What needs to be done
The answer must consist only of the lines in the records below from the line with "竹元 満福さんの総格は39画の5点!" to the line with "The lounge's centerpiece", both included, copied word for word with every picture left out.

Material shown
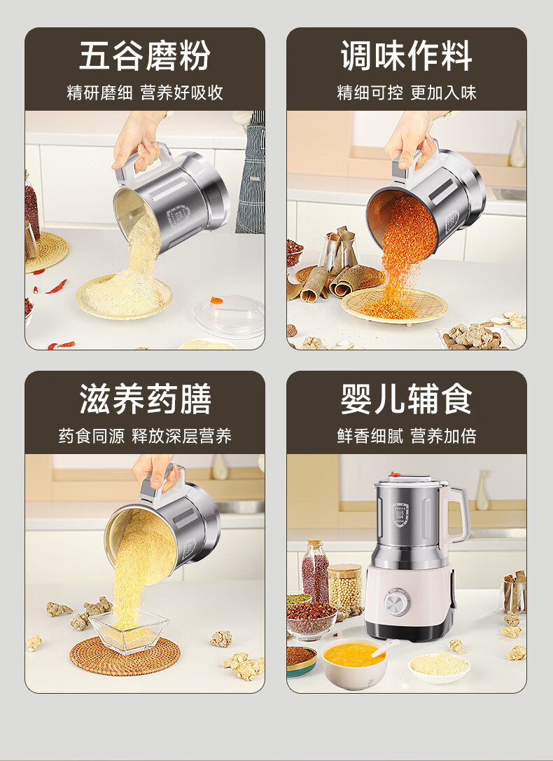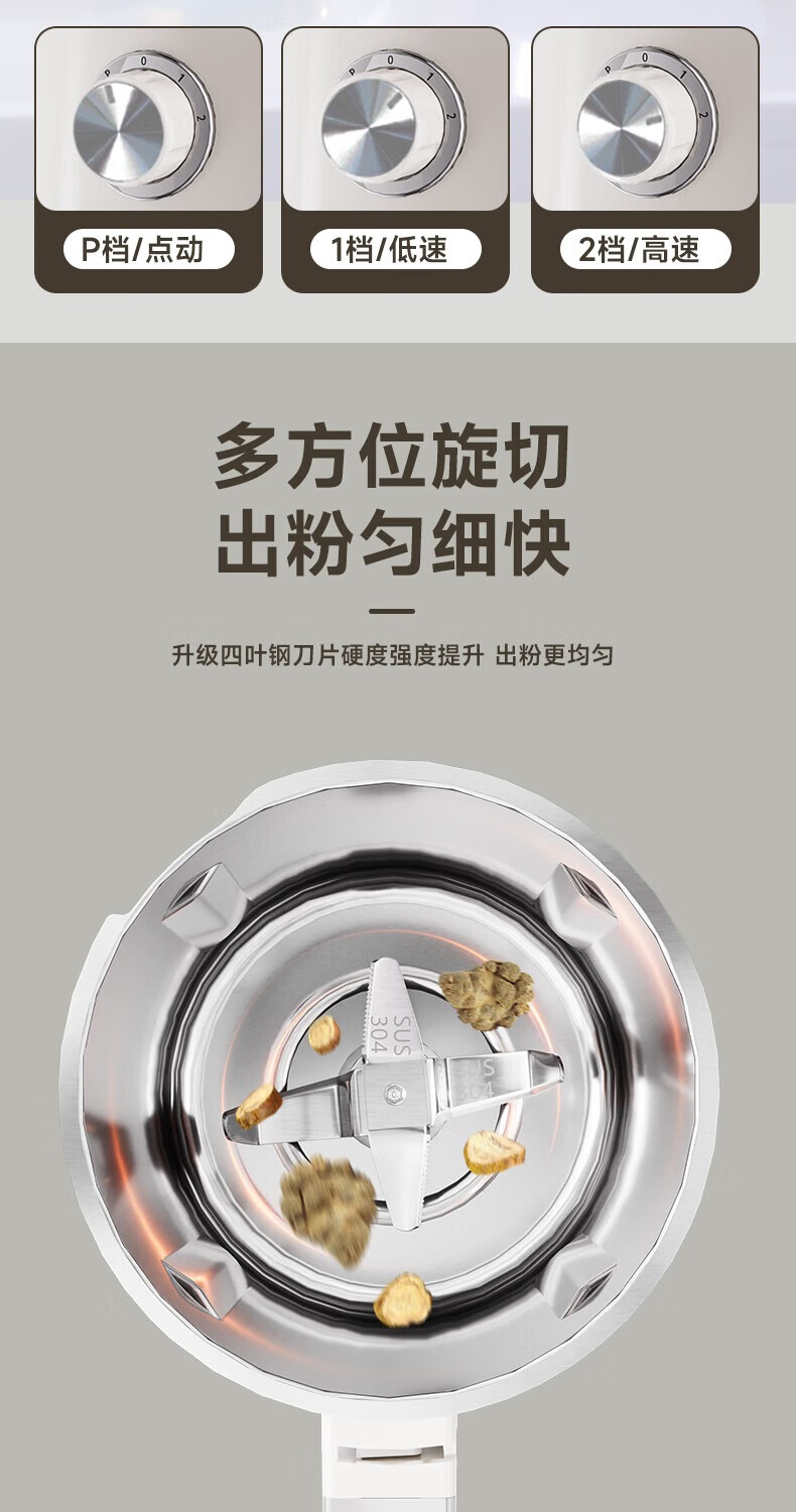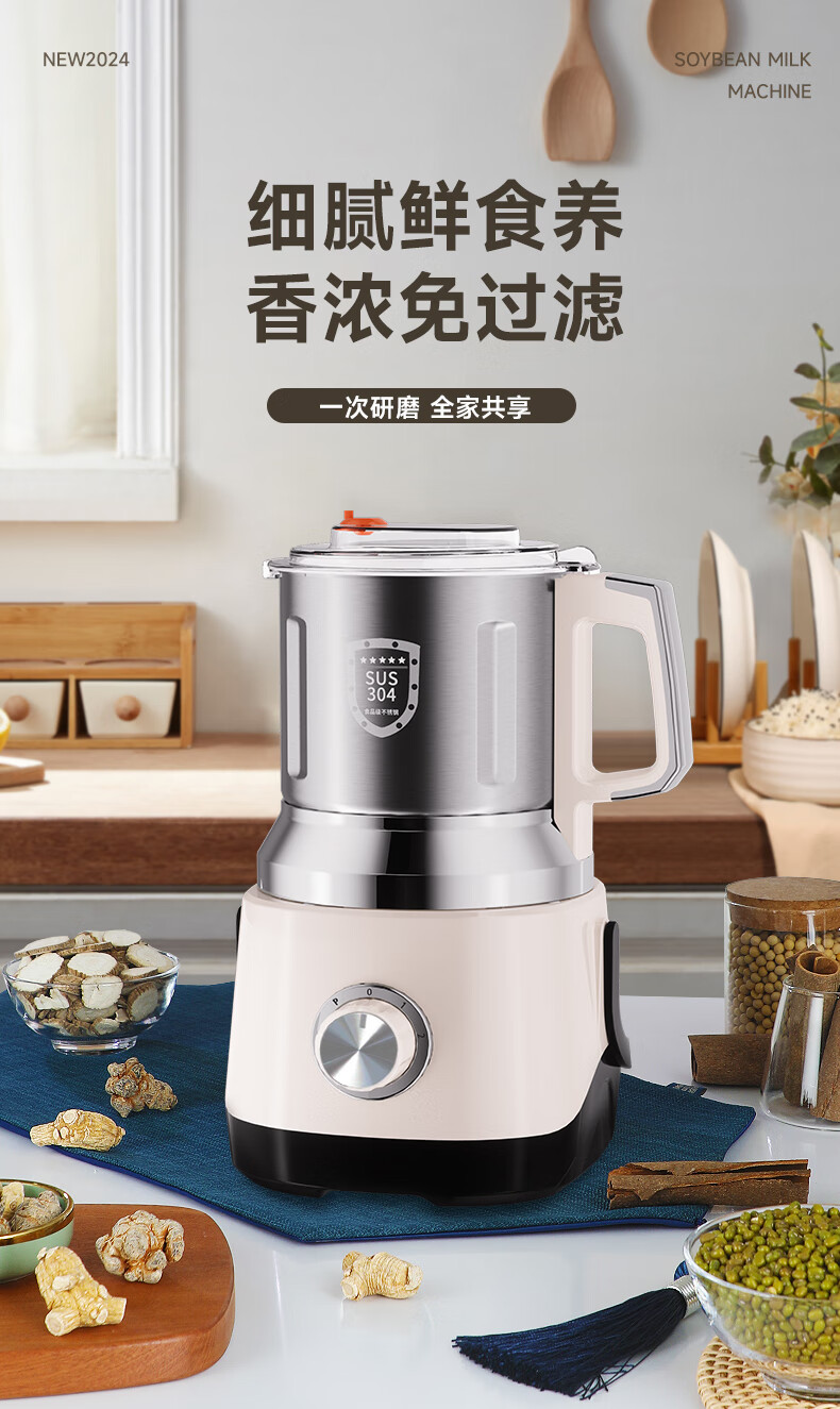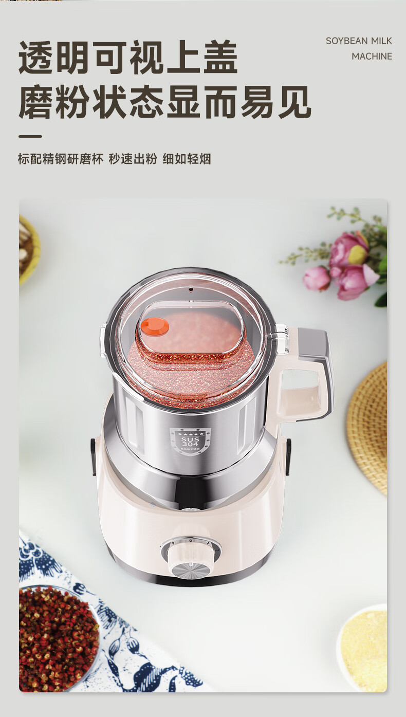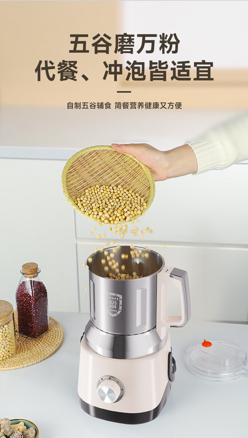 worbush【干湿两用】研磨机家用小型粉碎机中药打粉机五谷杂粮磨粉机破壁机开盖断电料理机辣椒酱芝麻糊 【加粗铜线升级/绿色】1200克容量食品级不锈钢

* * *

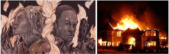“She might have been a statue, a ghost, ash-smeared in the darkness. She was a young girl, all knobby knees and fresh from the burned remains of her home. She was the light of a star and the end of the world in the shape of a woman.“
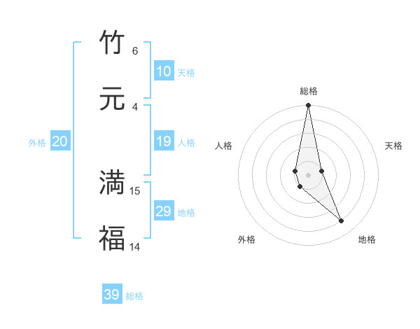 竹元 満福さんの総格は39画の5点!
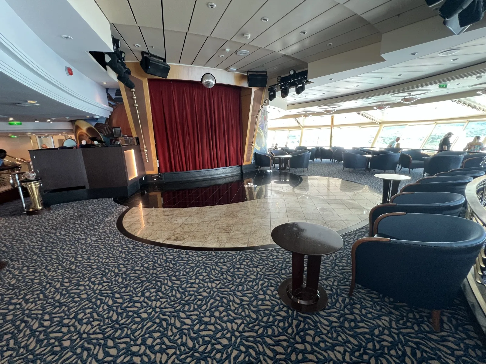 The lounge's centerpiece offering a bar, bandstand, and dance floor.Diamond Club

...

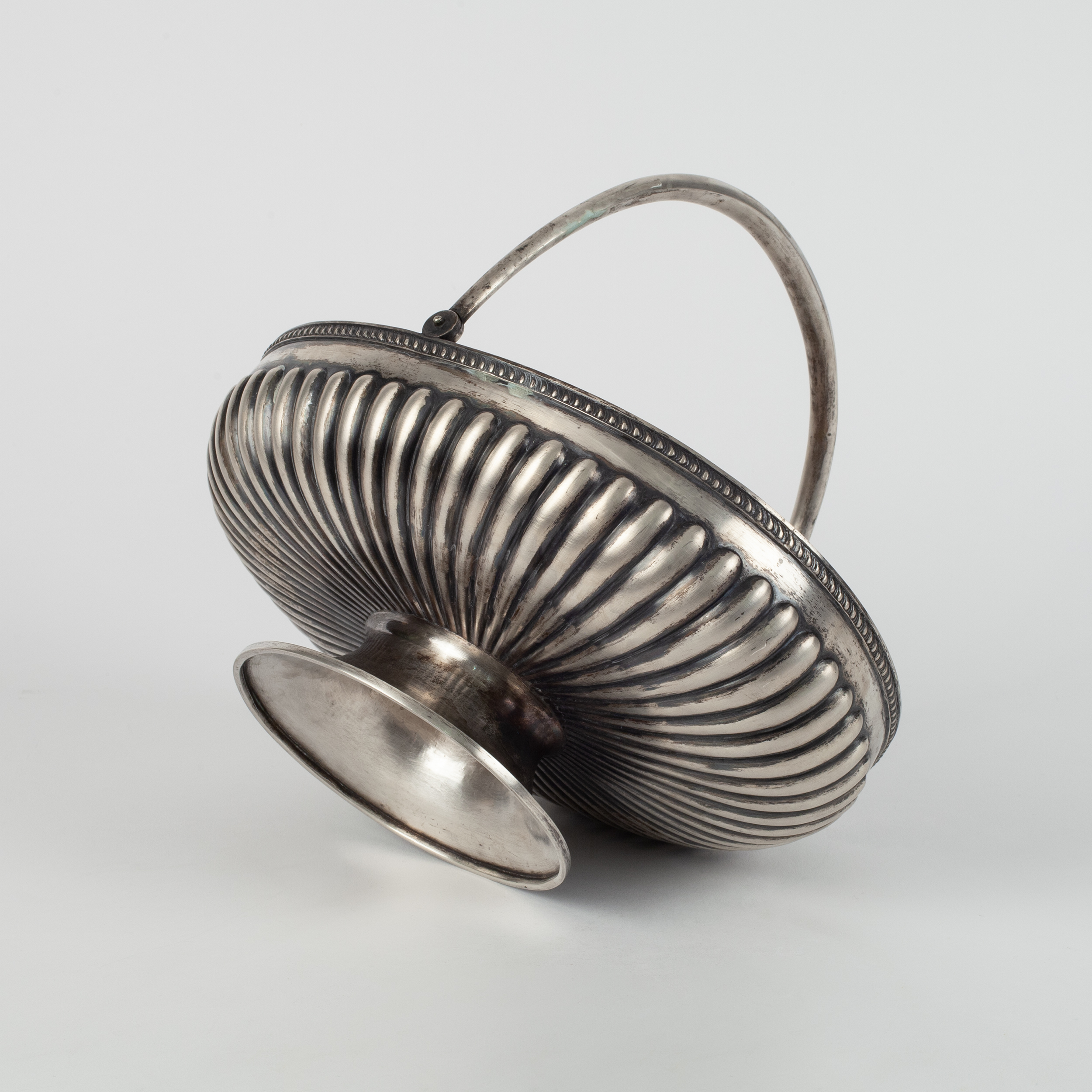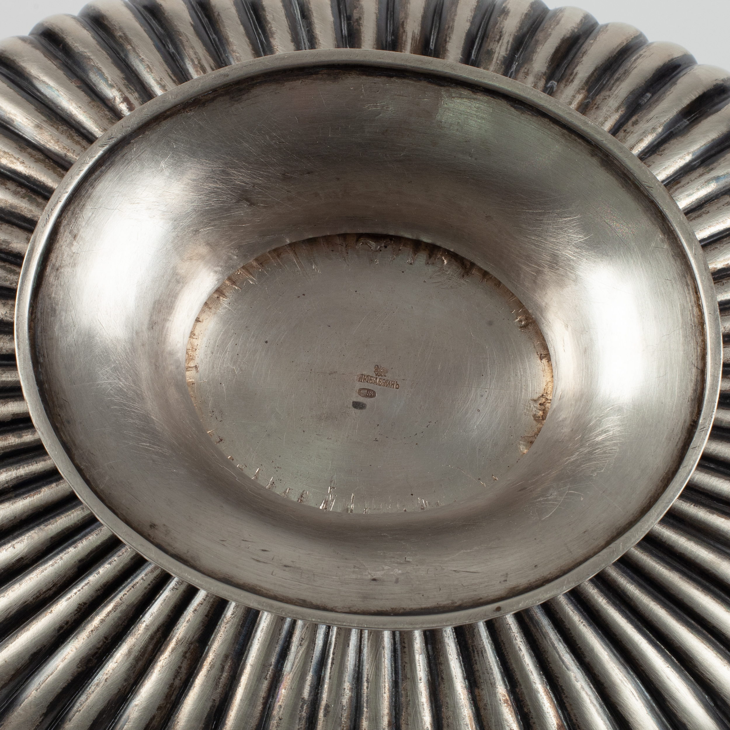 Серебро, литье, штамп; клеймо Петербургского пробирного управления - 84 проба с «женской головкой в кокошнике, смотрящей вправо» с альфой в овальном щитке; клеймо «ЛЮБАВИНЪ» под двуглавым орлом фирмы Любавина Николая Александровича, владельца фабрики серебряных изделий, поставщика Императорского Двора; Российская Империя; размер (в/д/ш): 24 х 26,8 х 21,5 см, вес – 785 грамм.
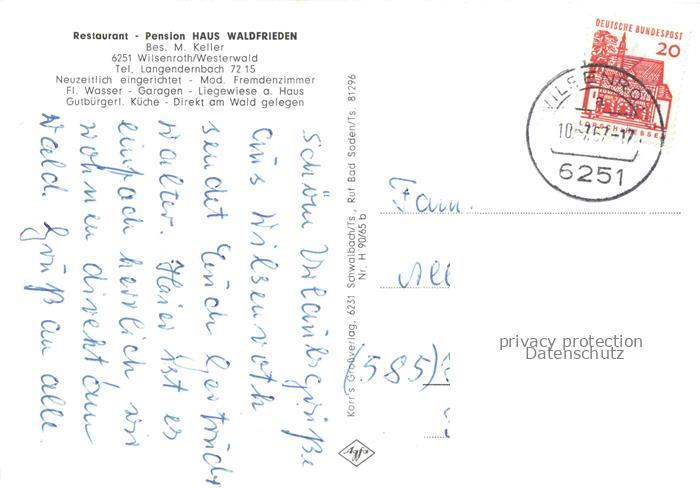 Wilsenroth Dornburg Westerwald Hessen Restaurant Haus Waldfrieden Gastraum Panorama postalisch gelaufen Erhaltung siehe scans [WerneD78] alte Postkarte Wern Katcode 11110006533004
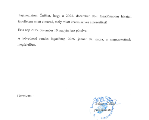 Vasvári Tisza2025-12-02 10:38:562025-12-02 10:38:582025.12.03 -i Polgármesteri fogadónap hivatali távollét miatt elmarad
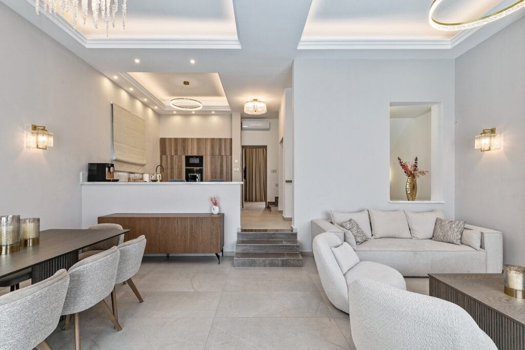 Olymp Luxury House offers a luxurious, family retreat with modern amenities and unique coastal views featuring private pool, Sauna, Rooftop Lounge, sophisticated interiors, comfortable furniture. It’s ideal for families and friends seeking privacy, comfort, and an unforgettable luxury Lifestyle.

Answer to the exercise
 竹元 満福さんの総格は39画の5点!
 The lounge's centerpiece offering a bar, bandstand, and dance floor.Diamond Club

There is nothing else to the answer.